In the middle of the Great Depression, not everyone could afford to travel. A fundraising campaign helped some out. Others hitchhiked, snuck rides in railway cars or walked great distances to attend. Some 75 veterans from Vancouver arrived on a train they operated.

One major attraction was a replica French village featuring a handful of licensed estaminets.

“The estaminet had been the focal point of a soldier’s life out of the trenches,” wrote historian Jonathan Vance in Death So Noble: Meaning and the First World War. “In these rough cafes the men could feast on home-cooked eggs and fried potatoes, soothe their nerves with bottles of beer or ‘van blong’ [vin blanc], flirt with barmaids and sing bawdy songs. It was a setting that came to symbolize much that was good about the soldiers’ war.”
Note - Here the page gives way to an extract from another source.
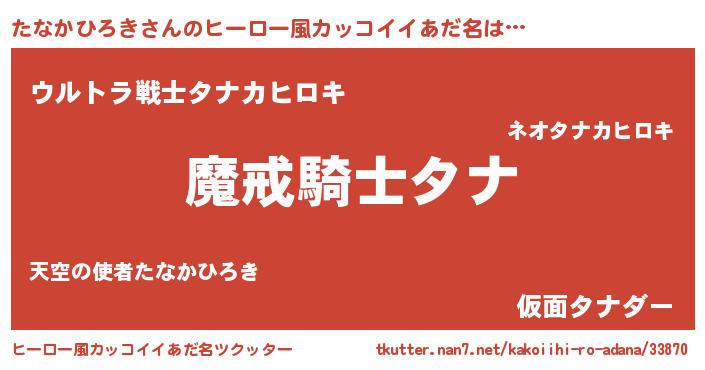 | ポケモン風あだ名 | 『ヒタナカヒロキ』『タナゴンZ』 |

An estimated 300,000 people attended the Canadian Corps reunion in Toronto’s Riverdale Park in August 1934. A painted cardboard replica of the Canadian National Vimy Memorial is in the background.  
Willa Rivett Family Private Collection/The Vimy Foundation
One soldier recalled his wartime visits to estaminets in his diary. “As fast as the various Madamissioler [mademoiselles] we visited could pour it out, we drank it, irrespective of colour or quality.” Which accounts for how he once woke up half-naked in a stable, earning a lecture on the evils of drinking during leave.

Hijinks in Toronto were perhaps also fuelled by visits to the estaminets. Veterans replaced police officers in the centre of town, disrupting traffic. One group seized an artillery piece and tried to push it into the lobby of a hotel during a mock attack while others stole a piano, hoisted it on a streetcar, and played it on Yonge Street. A former cavalryman had to give up an attempt to get a horse on top of the King Edward Hotel because the beast wouldn’t fit into the elevator.

There was plenty to see and do: visit the cardboard replica of the National Vimy Memorial, take part in an athletic competition modelled after the one held between the four divisions of the Canadian Corps on Dominion Day in 1918, attend the outdoor church service on Sunday that drew an estimated 300,000 people, attend a performance by the Dumbells, who had entertained troops in the trenches and became a popular vaudeville troupe after the war.

It was a “joyous, abandoned, uproarious culmination of a three-day triumph—the outburst of a comradeship which had lain dormant for 16 years,” reported The Legionary, Legion Magazine’s predecessor.

Four years later, on the last weekend in July 1938, more than 100,000 came again to celebrate the 20th anniversary of the end of the war that was supposed to end all wars. A little more than a year after that, a new generation was called to arms.